Compare the overall mean from this model with the common-effect model. Oh, the overall mean of the random-effects model is actually bigger than that of the fixed-effect model. OK, that sometimes happens (we will find out that this probably is an over-estimation later). We expect 95% CI is wider (i.e. more realistic) in this random-effects model as this model has a better assumption than the common-effect model.

The output from the random-effects model has more things than the common-effect model. We have `tau^2`

(\(\tau^2\)) and `I^2`

(\(I^2\)), two very common measures of heterogeneity (note that `H^2`

, or \(H^2\) is a transformation of \(I^2\)).

Heterogeneity is variation in effect sizes, which is not accounted by the sampling error variance.

In other words, real variation in the data. I think \(I^2\) is a quite important index as it can tell the percentage of real variation in your meta-analytic data. It can be given by (which you saw within the figure of the random-effects model above):

\[\begin{equation} I^2=\frac{\tau^2}{(\tau^2+\bar{v})}, \end{equation}\]

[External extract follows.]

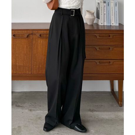 callautia ベルト付きダブルタックワイドパンツ

where \(\bar{v}\) is a representative value of \(v_i\) (or think \(\bar{v}\) as the average of \(v_i\) although it is not quite it). Note that the denominator is the whole variance which exists in the data. The benchmark values for \(I^2\) are 25, 50 and 75% for low, moderate and high heterogeneity, respectively (Higgins *et al.* 2003).

Our \(I^2\) value is 88.9% so very high and this value is, as you expect, statistically significant when tested with the \(Q\) value (which follows a \(\chi^2\) distribution defined by the df value, in this case \(df = 101\)).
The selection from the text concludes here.